Contexts can be combined. For instance, we can create a new DataFrame with the number of deaths for each decade:
decade_totals = df.filter(
pl.col("Entity") == "All natural disasters"
).with_columns(
(pl.col("Year") // 10 * 10).alias("Decade")
).group_by(
pl.col("Decade"),
maintain_order=True
).agg(
pl.col("Deaths").sum()
)
print(decade_totals)shape: (12, 2)
┌────────┬─────────┐
│ Decade ┆ Deaths │
│ --- ┆ --- │
│ i64 ┆ i64 │
╞════════╪═════════╡
│ 1900 ┆ 4497847 │
│ 1910 ┆ 3326492 │
│ 1920 ┆ 8726293 │
│ 1930 ┆ 4701024 │
│ 1940 ┆ 3871695 │
│ … ┆ … │
│ 1970 ┆ 986867 │
│ 1980 ┆ 796782 │
│ 1990 ┆ 527613 │
│ 2000 ┆ 839986 │
│ 2010 ┆ 454950 │
└────────┴─────────┘
Or one with the number of deaths for that decade for each type of disaster:
decade_totals_by_type = df.with_columns(
(pl.col("Year") // 10 * 10).alias("Decade"),
).group_by([pl.col("Decade"), pl.col("Entity")],
maintain_order=True
).agg(
pl.col("Deaths").sum()
)
print(decade_totals_by_type)shape: (122, 3)
┌────────┬───────────────────────┬─────────┐
│ Decade ┆ Entity ┆ Deaths │
│ --- ┆ --- ┆ --- │
│ i64 ┆ str ┆ i64 │
╞════════╪═══════════════════════╪═════════╡
│ 1900 ┆ All natural disasters ┆ 4497847 │
│ 1910 ┆ All natural disasters ┆ 3326492 │
│ 1920 ┆ All natural disasters ┆ 8726293 │
│ 1930 ┆ All natural disasters ┆ 4701024 │
│ 1940 ┆ All natural disasters ┆ 3871695 │
│ … ┆ … ┆ … │
│ 1970 ┆ Wildfire ┆ 5 │
│ 1980 ┆ Wildfire ┆ 396 │
│ 1990 ┆ Wildfire ┆ 859 │
│ 2000 ┆ Wildfire ┆ 629 │
│ 2010 ┆ Wildfire ┆ 429 │
└────────┴───────────────────────┴─────────┘
Lazy evaluation
When it comes to high-performance computing, one of the strengths of Polars is that it supports lazy evaluation. Lazy evaluation instantly returns a future that can be used without waiting for the result of the computation. Moreover, when you run queries on a LazyFrame, Polars creates a graph and runs optimizations on it, very much the way compiled languages work.

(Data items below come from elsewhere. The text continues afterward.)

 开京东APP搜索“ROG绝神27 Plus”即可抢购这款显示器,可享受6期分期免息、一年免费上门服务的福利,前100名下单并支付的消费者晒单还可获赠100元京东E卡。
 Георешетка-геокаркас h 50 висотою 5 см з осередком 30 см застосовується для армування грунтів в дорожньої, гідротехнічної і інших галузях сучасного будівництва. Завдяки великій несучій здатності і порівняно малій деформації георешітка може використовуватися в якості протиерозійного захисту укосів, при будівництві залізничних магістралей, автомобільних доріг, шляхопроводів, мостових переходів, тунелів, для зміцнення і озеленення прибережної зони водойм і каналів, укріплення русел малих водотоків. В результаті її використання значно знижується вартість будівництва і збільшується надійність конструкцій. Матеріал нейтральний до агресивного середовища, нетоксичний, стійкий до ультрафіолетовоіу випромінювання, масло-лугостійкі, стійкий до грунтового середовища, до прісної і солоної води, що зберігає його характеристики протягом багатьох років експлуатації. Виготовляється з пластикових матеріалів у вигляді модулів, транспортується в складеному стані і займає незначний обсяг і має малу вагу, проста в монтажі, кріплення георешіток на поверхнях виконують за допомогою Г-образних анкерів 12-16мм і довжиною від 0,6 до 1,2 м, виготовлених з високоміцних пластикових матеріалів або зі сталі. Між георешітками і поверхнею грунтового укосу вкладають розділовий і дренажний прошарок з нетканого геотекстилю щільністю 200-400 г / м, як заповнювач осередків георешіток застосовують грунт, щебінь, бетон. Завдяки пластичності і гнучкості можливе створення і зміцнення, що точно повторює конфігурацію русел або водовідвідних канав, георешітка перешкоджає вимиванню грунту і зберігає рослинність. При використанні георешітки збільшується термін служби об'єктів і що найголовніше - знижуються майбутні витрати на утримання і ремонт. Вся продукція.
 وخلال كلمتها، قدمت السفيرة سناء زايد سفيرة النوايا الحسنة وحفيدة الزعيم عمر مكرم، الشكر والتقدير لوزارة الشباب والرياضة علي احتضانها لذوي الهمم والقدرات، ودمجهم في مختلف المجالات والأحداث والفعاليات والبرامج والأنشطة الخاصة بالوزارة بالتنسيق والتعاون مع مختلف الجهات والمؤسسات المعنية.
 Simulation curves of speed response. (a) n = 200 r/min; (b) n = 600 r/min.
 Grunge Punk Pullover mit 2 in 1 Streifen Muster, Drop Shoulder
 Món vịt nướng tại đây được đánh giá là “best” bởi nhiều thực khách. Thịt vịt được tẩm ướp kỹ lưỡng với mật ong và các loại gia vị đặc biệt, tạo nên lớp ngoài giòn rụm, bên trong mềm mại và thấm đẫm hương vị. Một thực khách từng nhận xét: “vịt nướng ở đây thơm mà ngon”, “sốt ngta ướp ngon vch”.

If you want to speedup your code, use lazy execution whenever possible and try to use the lazy API from the start, when reading a file.
In the previous examples, we used polars.read_csv to read our data. This returns a Polars DataFrame:
url = "https://cdn.jsdelivr.net/npm/vega-datasets/data/disasters.csv"
df = pl.read_csv(url)
type(df)polars.dataframe.frame.DataFrame
Instead, you can use polars.scan_csv to create a LazyFrame:
df_lazy = pl.scan_csv(url)
type(df_lazy)polars.lazyframe.frame.LazyFrame
If you already have a DataFrame, you can create a LazyFrame from it with the polars.DataFrame.lazy method:
df_lazy = df.lazy()To get results from a LazyFrame, you use polars.LazyFrame.collect.

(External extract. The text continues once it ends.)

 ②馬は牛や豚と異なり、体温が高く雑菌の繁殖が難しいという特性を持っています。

This won’t work because a LazyFrame has no attribute shape:
df_lazy.filter(pl.col("Year") == 2001).shape--------------------------------------------------------------------------- AttributeError Traceback (most recent call last) Cell In[19], line 1 ----> 1 df_lazy.filter(pl.col("Year") == 2001).shape AttributeError: 'LazyFrame' object has no attribute 'shape'
You need to collect the result first:
df_lazy.filter(pl.col("Year") == 2001).collect().shape(9, 3)
collect turns your LazyFrame into a DataFrame, but it only does so on the subset needed for your query:
type(df_lazy.filter(pl.col("Year") == 2001).collect())polars.dataframe.frame.DataFrame
This allows you to work with data too big to fit in memory!